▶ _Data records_
|---|

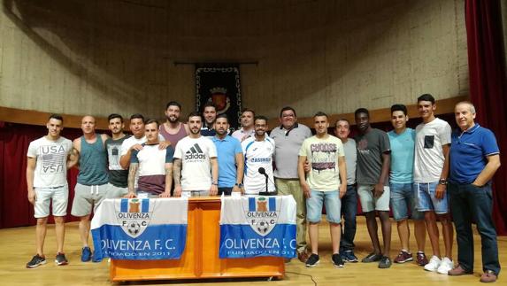 Equipo directivo y personal técnico, acompañados por el alcalde de Olivenza, Manuel J. González Andrade, presentaron el pasado mes de julio la Temporada 2017/2018 del Olivenza Fútbol Club, una temporada en la que ya comienza a trabajar el club con un ambicioso proyecto que busca situarlo en los primeros puestos de la tabla de Tercera División.
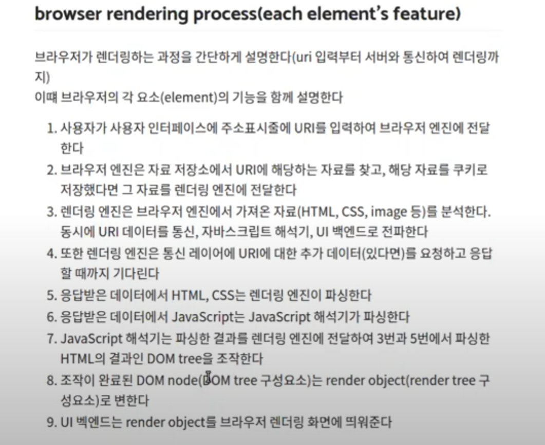 : 브라우저 엔진이 요청한 URI를 받아서 서버에 요청한 후, 응답받은 데이터를 받아 통신 레이어, 자바스크립트 해석기, UI 백엔드에 파싱 후 전달한다.(보다 자세한 설명은 바로 밑의 '브라우저 렌더링 프로세스' 참고)
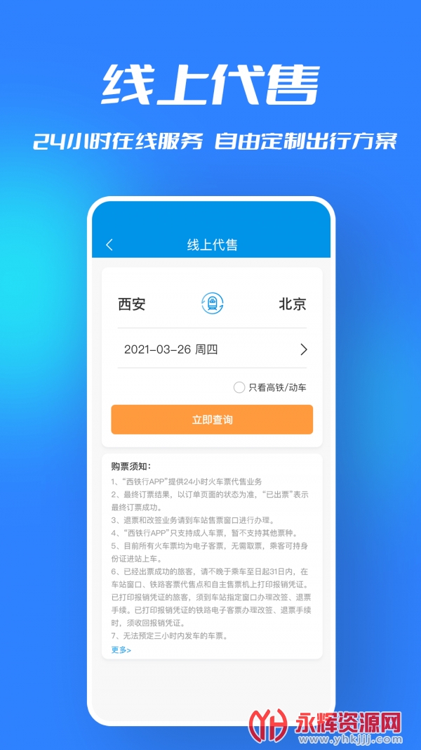 西铁行app安卓版是一款由中国铁路西安局集团有限公司官方出品的移动端手机应用软件。这款软件能够为用户提供7*24小时线上订票、席位车次自由选择、无上限添加常用联系人等功能,为旅客们的出行需求提供便利。同时还能够更好地满足旅游和商务出行的需要,并且操作简单,提高出行品质。此外还有行李代运的功能,可以查询行李去向。如果您需要这款软件就快来永辉资源网下载体验吧!
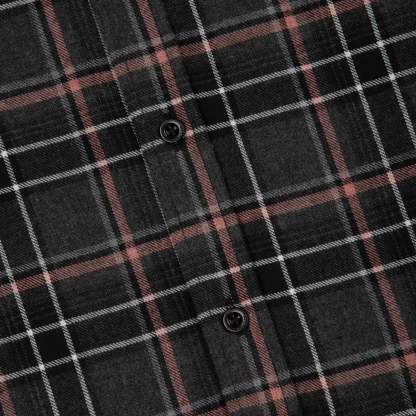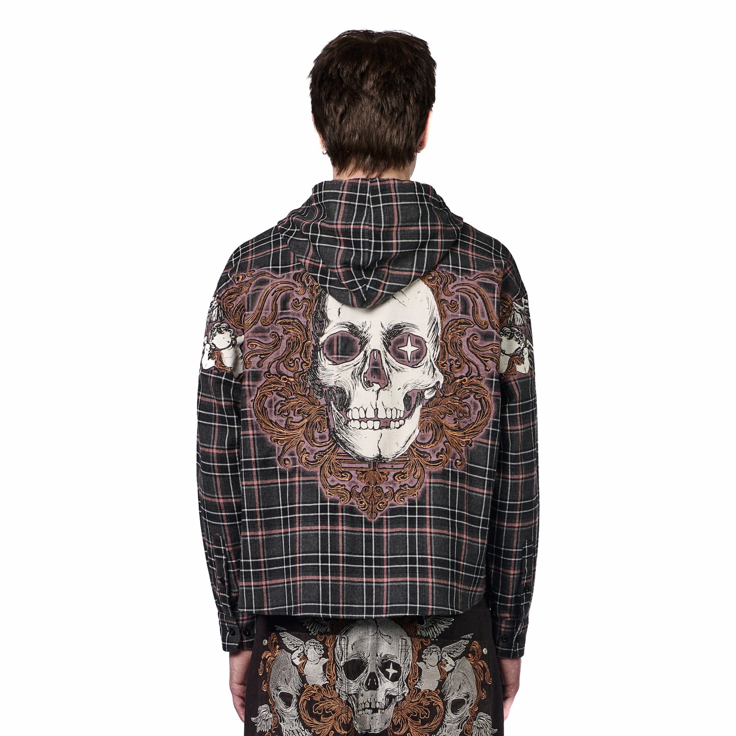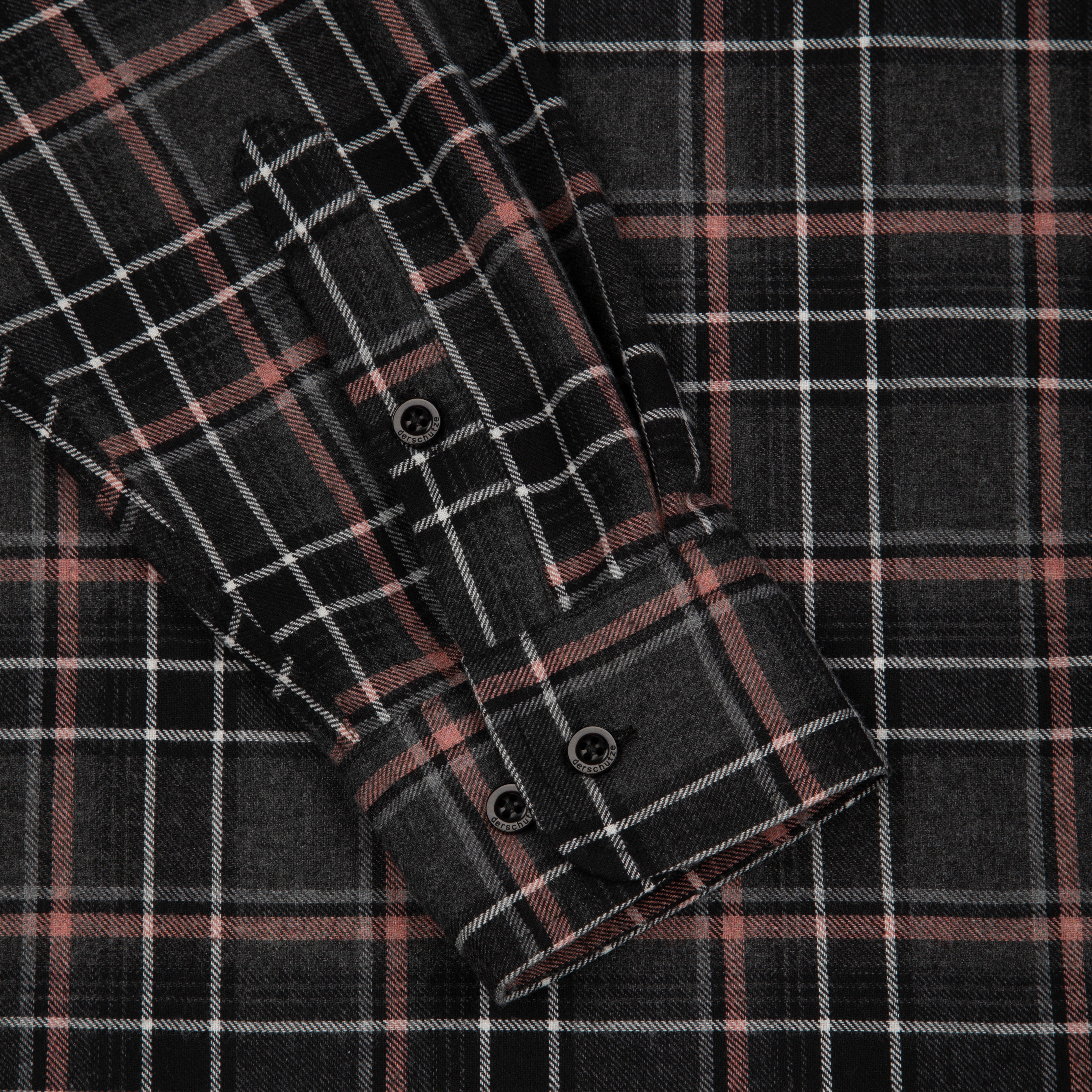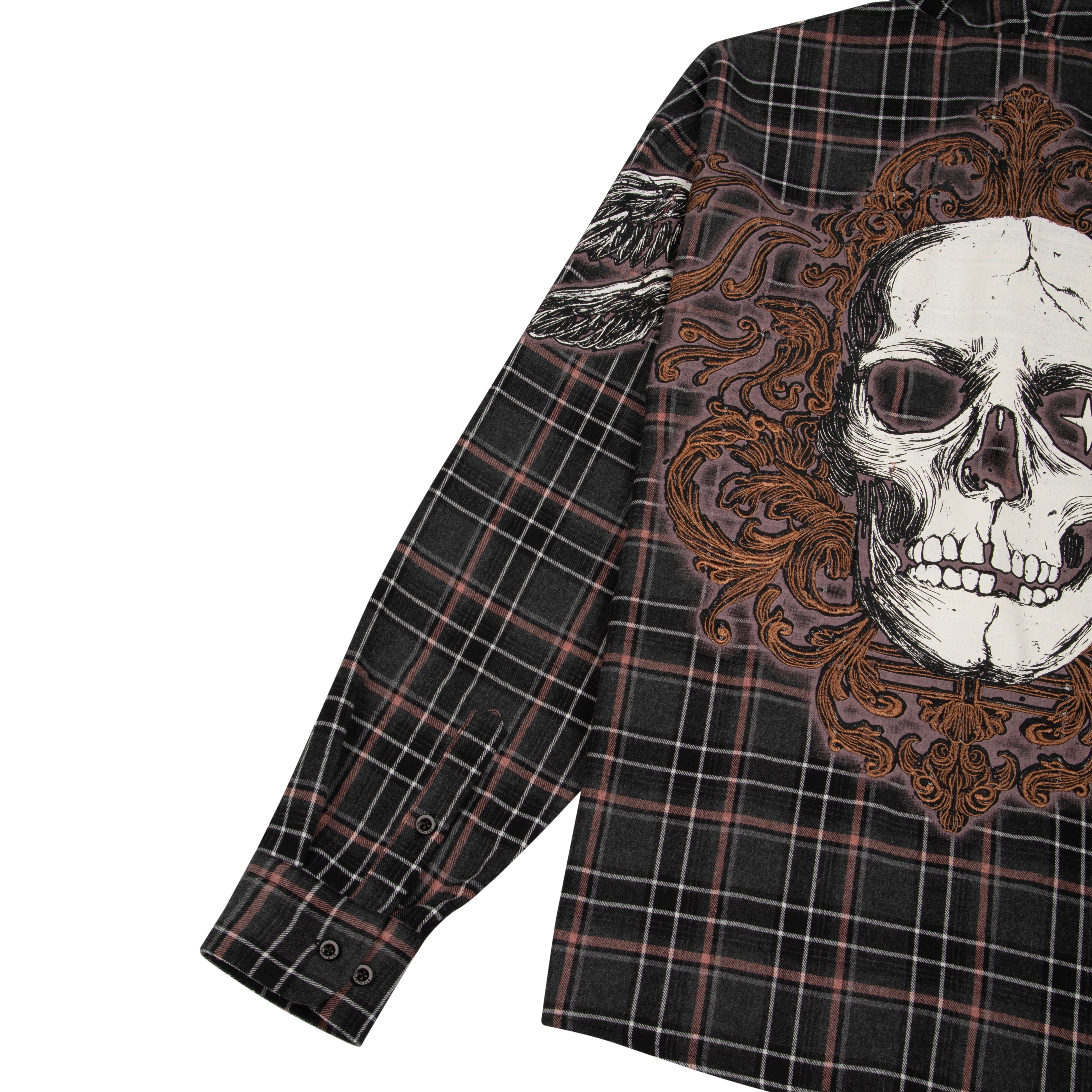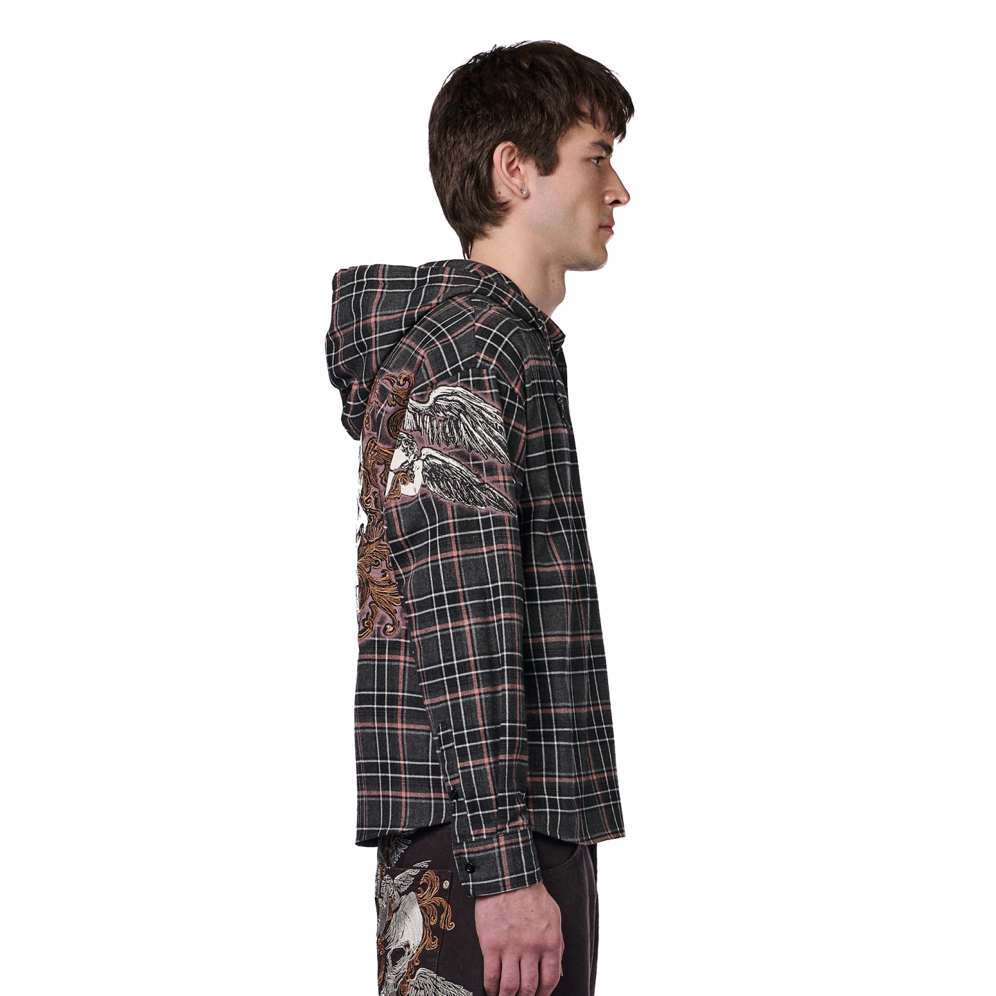 50% cotton 50% polyester plaid flannel fabric / printed back and sleeves with embroidered details / with hood / custom buttons / curved hem / relaxed fit / fits true to size / shipping is delayed by up to 2 weeks
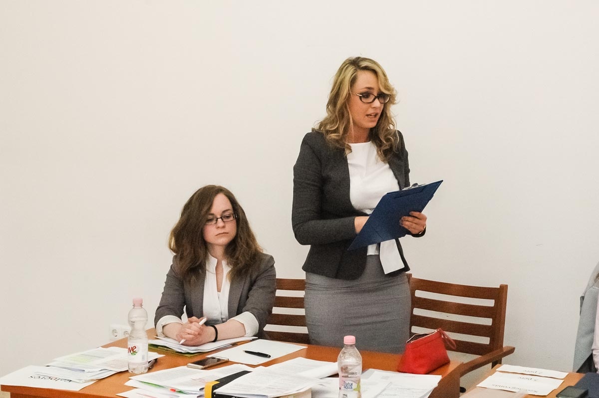A zsűri a csapatok teljesítményének értékelésekor az írásbeli és a szóbeli feladat teljesítésének színvonala fotó: Marinkás Györgymellett figyelembe vette a résztvevők retorikai képességeit, perbeszédeik jogi szakszerűségét és az ellenérdekű fél, valamint a bíróság kérdéseire adott válaszok színvonalát is. Idén a fiktív jogeset témája az Európai Unió légi-közlekedési szabályozása volt.
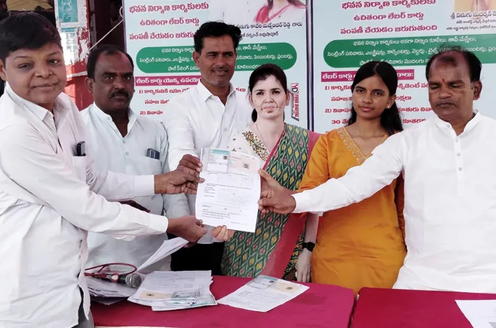 భవన నిర్మాణ కార్మికులకు ఉచితంగా లేబర్ కార్డులు పంపిణీ
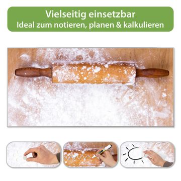 FUNKTION: Die banjado Magnettafel 78x37 cm im Design Motiv Backen vereint Funktionalität und modernes Wohndesign auf stilvolle Weise. Diese hochwertige Magnetwand aus Metall hilft Ihnen dabei, Notizen, Fotos, Termine, Einkaufslisten oder Rezepte übersichtlich zu organisieren. Als praktisches Memoboard sorgt sie für Struktur im Alltag und setzt gleichzeitig einen dekorativen Akzent an Ihrer Wand. DESIGN: Die Metalltafel besteht aus robustem, lackiertem Stahl und ist mit allen handelsüblichen Magneten nutzbar. Besonders praktisch ist die beschreibbare Oberfläche. Sie können die Magnettafel ganz einfach mit Kreidestiften beschriften und die Inhalte bei Bedarf mit einem feuchten Tuch wieder entfernen. So eignet sich das Memoboard ideal für Wochenpläne, Menüpläne, To Do Listen oder kreative Botschaften. DETAILS: Mit ihrem großzügigen Querformat von 78x37 cm bietet die Magnettafel ausreichend Platz für Ihre Organisation. Das Motiv Motiv Backen bringt eine warme, natürliche Optik in Küche, Flur, Büro oder Homeoffice und wirkt auch ohne Magnete oder Beschriftung wie ein modernes Wandbild. NUTZEN: Auf der Rückseite befinden sich vorgefertigte Löcher für eine schnelle und unkomplizierte Wandmontage. Jede banjado Magnettafel wird in Deutschland gefertigt und steht für Qualität, Langlebigkeit und liebevolle Verarbeitung. Dieses beschreibbare Memoboard ist die perfekte Kombination aus Metalltafel, Designobjekt und praktischer Magnetwand für Ihren Alltag. BANJADO: Wir sind ein kleines Team aus dem Herzen von Sachsen. Wir fertigen alle Artikel von Hand für Sie an, Sie erhalten keine preiswerte Importware. Auf Wunsch können Sie auch Ihr eigenes Foto auf die Magnettafel aufbringen, schreiben Sie uns an. Herzlichst, Ihr banjado-Team
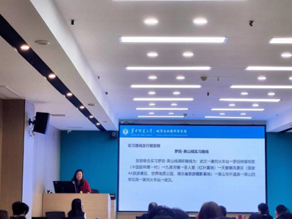 实习活动开展前期,谢双玉、胡静、李星明、张春燕、张祥、龚箭、王晓芳、乔华芳、程绍文、周杰、杨毅、周亲等多位老师就实习方案与安排等内容进行了深入的讨论与研究,并于10月22日在学院116会议室举行了实习动员会。会上,乔华芳老师对实习的整体安排进行了说明,并在小雅课程平台上布置了相关作业与任务。随后,乔花芳、龚箭、张春燕与程绍文四位老师分别就恩施线、宜昌-神农架线、罗田-英山线以及襄阳-武当山线的各项活动安排进行了详细的布置,并对不同地区的自然生态、文化生态、民族村寨等旅游地进行了介绍,以帮助同学们更好的做好实习准备,全面了解实习地的基本情况。
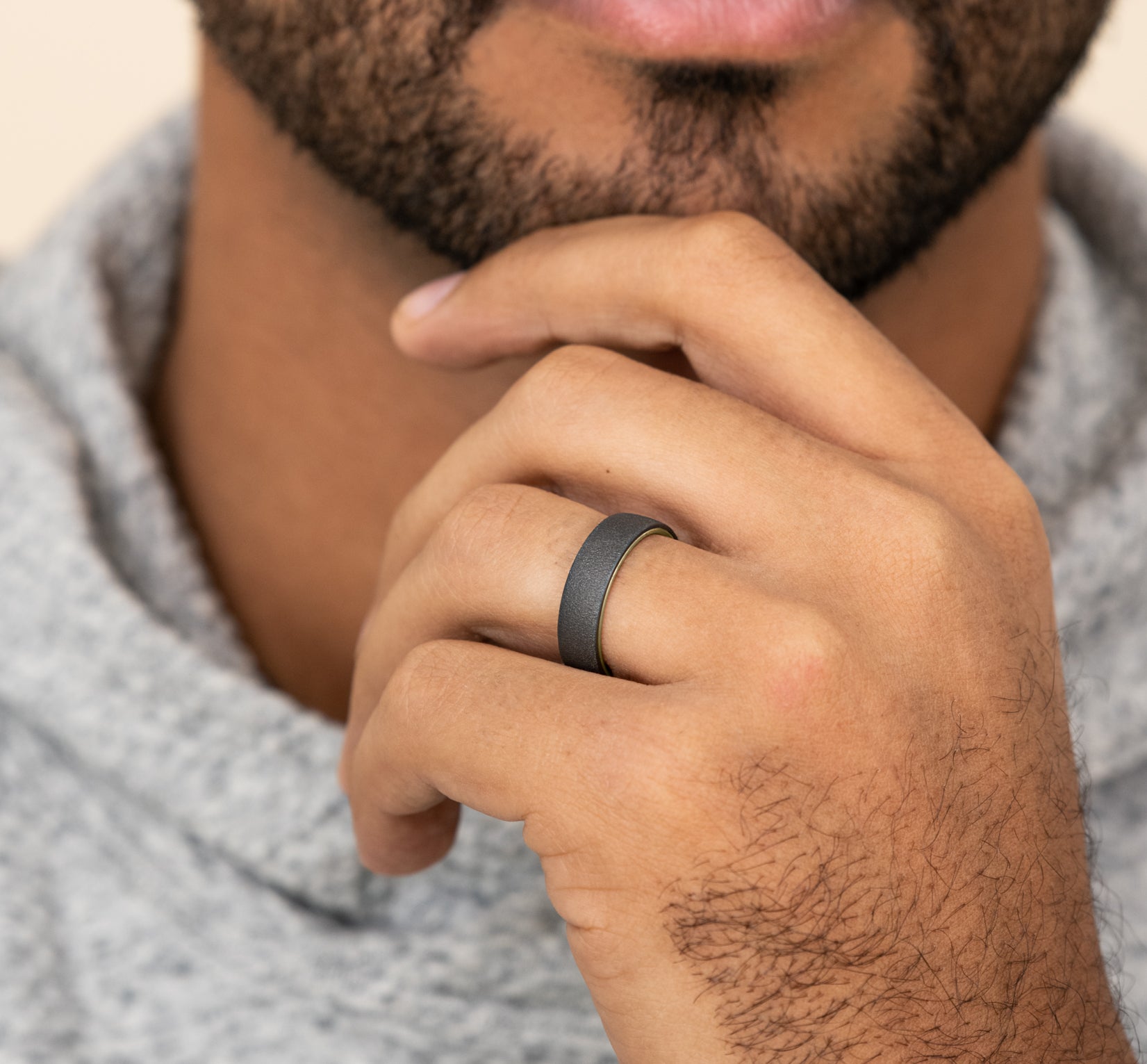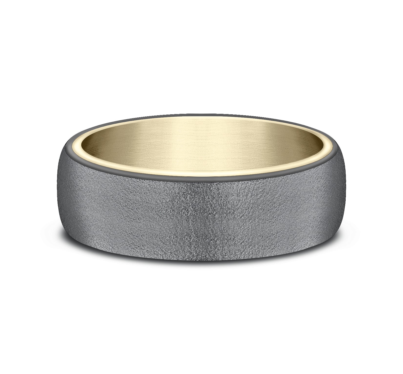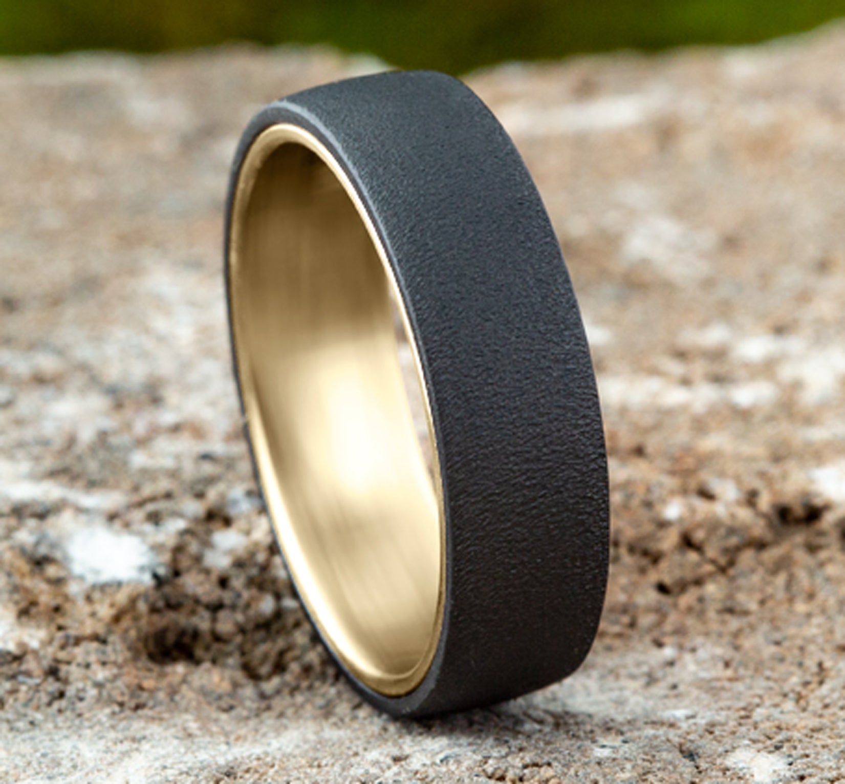 7mm, Comfort fit 14K Rose Gold and Darkened Tantlaum Wire brush finish, one satin edge
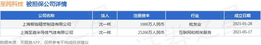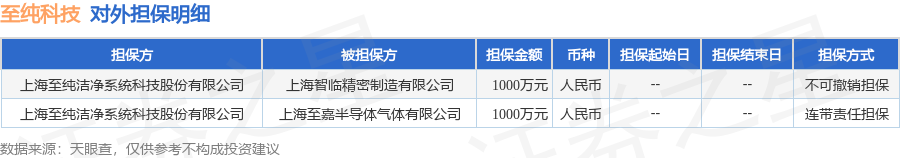 至纯科技12月17日披露2笔对外担保,被担保公司2家。对外担保明细如下表:
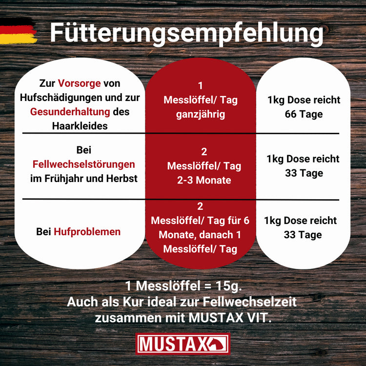- Ideal für alle Pferde im Frühjahr und Herbst als aufeinander abgestimmte Fellwechselkur für deinen Vierbeiner in Kombination mit dem MUSTAX VIT.

|---|

▶ _What is required_
Output only the lines running from the top of the data above to the line with "50% cotton 50%", inclusive, word for word and without pictures.

▶ _Solution_
 Equipo directivo y personal técnico, acompañados por el alcalde de Olivenza, Manuel J. González Andrade, presentaron el pasado mes de julio la Temporada 2017/2018 del Olivenza Fútbol Club, una temporada en la que ya comienza a trabajar el club con un ambicioso proyecto que busca situarlo en los primeros puestos de la tabla de Tercera División.
 : 브라우저 엔진이 요청한 URI를 받아서 서버에 요청한 후, 응답받은 데이터를 받아 통신 레이어, 자바스크립트 해석기, UI 백엔드에 파싱 후 전달한다.(보다 자세한 설명은 바로 밑의 '브라우저 렌더링 프로세스' 참고)
 西铁行app安卓版是一款由中国铁路西安局集团有限公司官方出品的移动端手机应用软件。这款软件能够为用户提供7*24小时线上订票、席位车次自由选择、无上限添加常用联系人等功能,为旅客们的出行需求提供便利。同时还能够更好地满足旅游和商务出行的需要,并且操作简单,提高出行品质。此外还有行李代运的功能,可以查询行李去向。如果您需要这款软件就快来永辉资源网下载体验吧!
 50% cotton 50% polyester plaid flannel fabric / printed back and sleeves with embroidered details / with hood / custom buttons / curved hem / relaxed fit / fits true to size / shipping is delayed by up to 2 weeks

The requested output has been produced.